First, even if the coordination between A and B is recorded in the ticketing system, the coordination between F and G is probably not.

> I don't see why would you track that on the source code versioning level.

Pretend F and G are tables in a database (or other data storage system) if that makes it easier.

Where is the schema stored? Who records the migration path?

Many people like to record migrations in a version control system, but it is tricky to link those migrations to the (otherwise) independent A and B.

If these are file formats where exists the code to consume and produce them? Or network formats?
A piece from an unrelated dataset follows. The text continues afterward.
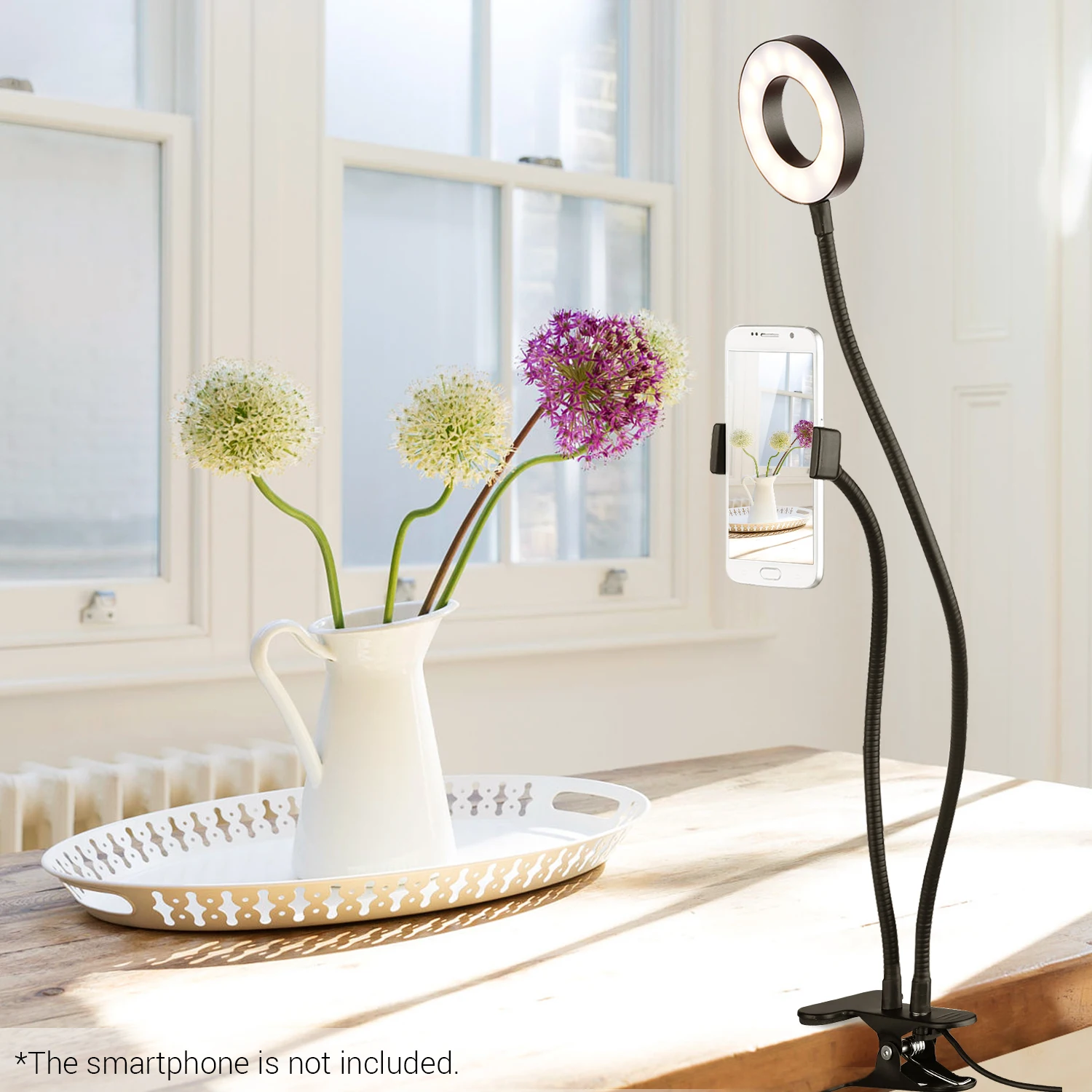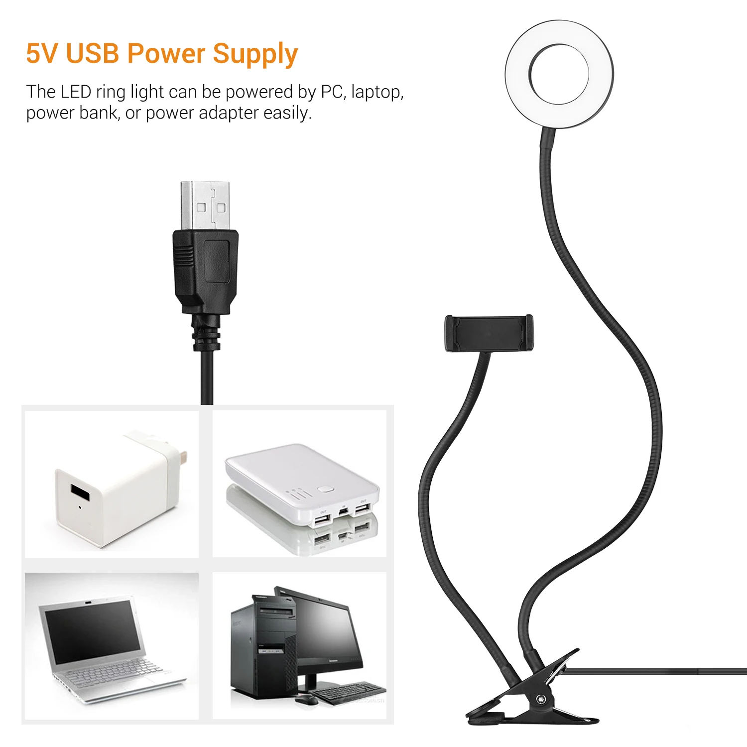 Гибкие ручки и прочный зажим:Гибкая конструкция руки, вы можете регулировать угол использования кольцевого света и смартфона свободно; Прочный металлический зажим позволяет вам фиксировать кронштейн на столе стабильно.

The problem remains the same -- do we break this up into additional libraries?

That there's a very real ordering between release of A and B that isn't properly encoded, we're relying on process diligence (as opposed to tooling) to be correct.

pas · on Dec 11, 2017

If tables, then if they are in the same DB, they should be in the same project.

If they are independent tables, then I don't care, show me the API between the projects.

If these are file/network/serialization/wire/in-memory/binary/codec formats, then there are conformance checkers (passive and active, like fuzzers). Those are separate projects, but they can be used like tools during testing and development.

Rely on tooling to make sure that the stated goal of the project is reached. (It now supports F or G or X,Y,Z formats. It supports output-format G by processing input-format F. If that's a project requirement, test it in that project.)

You can use a top level repo for the integration tests. But it's no need to make it one flat repo.

geocar · on Dec 12, 2017

> If tables, then if they are in the same DB, they should be in the same project.

Lock-stepping two otherwise unrelated applications because they both share support for a data structure is silly at best, and often impractical, especially if development for only one of the projects is "in-house". Consider the possibility that "A" is a commercial product produced by another company.

Anyway, it's my experience most software upgrades don't involve a schema change, so it's worth optimising for the common case, and supporting the difficult case.

qquark · on Dec 10, 2017

> but it is very unclear how to do it with a distributed repository

Versioning through branching and tagging, while having some drawbacks - at least the fact that you have to DO an operation and that this is not automatic - seem to solve this problem, and are not, in my eyes, a form of monorepo. You globally get more flexibility at the cost of a bit more repo management work.

If the problem is retrieving the right version automatically, externals or submodules should be able to solve this problem. If A and B have no clear dependency direction, a top level repo might help.

geocar · on Dec 10, 2017

> a top level repo might help.

This is the way I generally do it: A repository that represents my system/environment that has submodules for A1, A2, B1, and B2, and scripts for updating the environment.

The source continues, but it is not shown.